Fiona/fiona/ogrext.pyx

Lines 242 to 251 in e46abf2

retval = OGR_F_GetFieldAsDateTime(
feature, i, &y, &m, &d, &hh, &mm, &ss, &tz)
try:
if fieldtype is FionaDateType:
props[key] = datetime.date(y, m, d).isoformat()
elif fieldtype is FionaTimeType:
props[key] = datetime.time(hh, mm, ss).isoformat()
else:
props[key] = datetime.datetime(
y, m, d, hh, mm, ss).isoformat()

So I think it should indeed relatively straightforward to calculate a GMT offset from the pnTZFlag.

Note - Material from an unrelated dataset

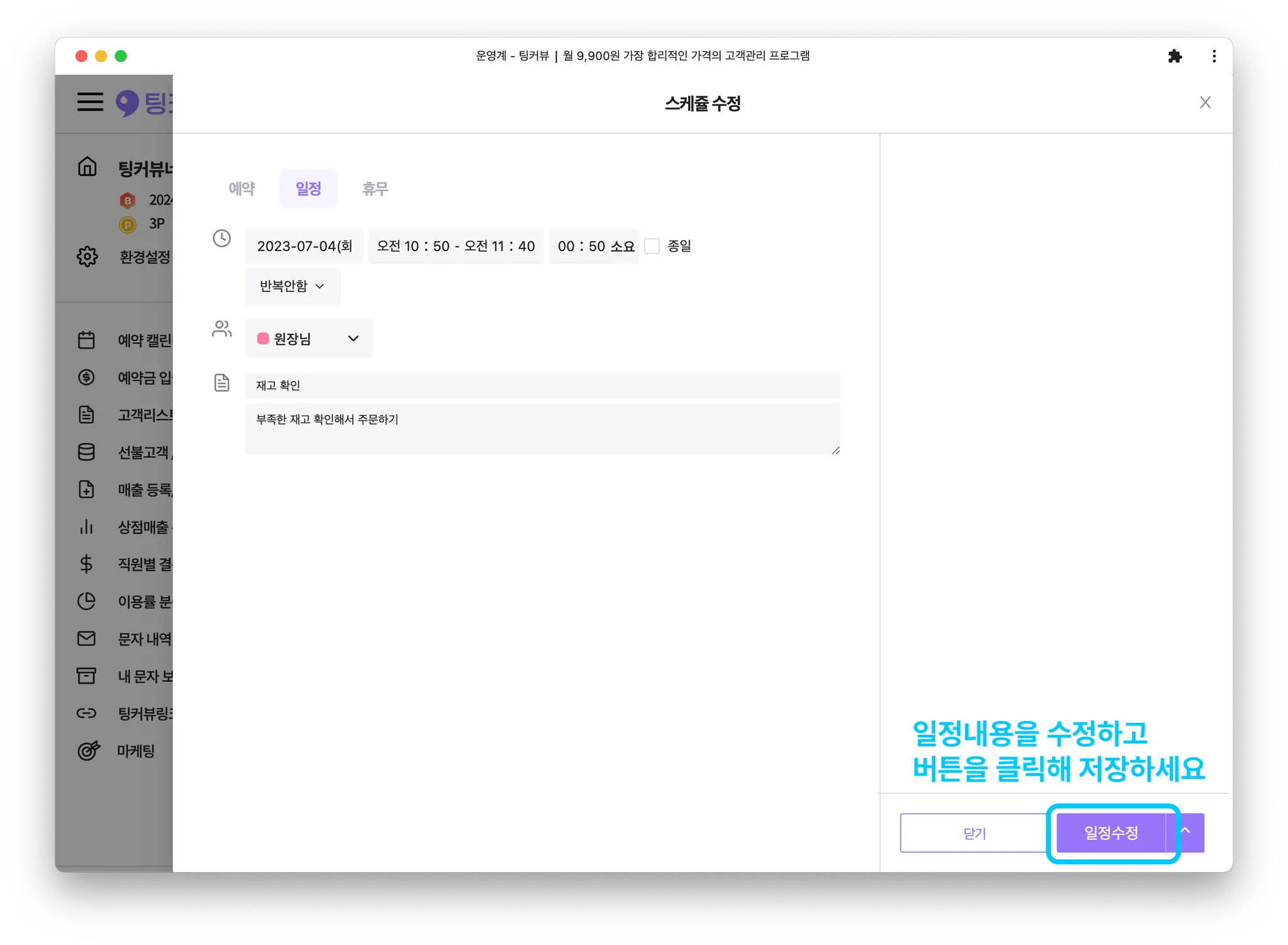 개인 약속, 메모 등은 일정으로 등록해 관리해보세요! 예약,휴무와 다른 ui로 한 눈에 구분할 수 있고 일정만 따로 모아볼 수 있어요!

For the original example (2010-10-20T12:00:00+07:00), you get back those values:

In [18]: feature.GetFieldAsDateTime(0) 
Out[18]: [2010, 10, 20, 12, 0, 0.0, 128]

So (128-100)*15 = 420, and then:

In [33]: tzinfo = datetime.timezone(datetime.timedelta(minutes=420)) 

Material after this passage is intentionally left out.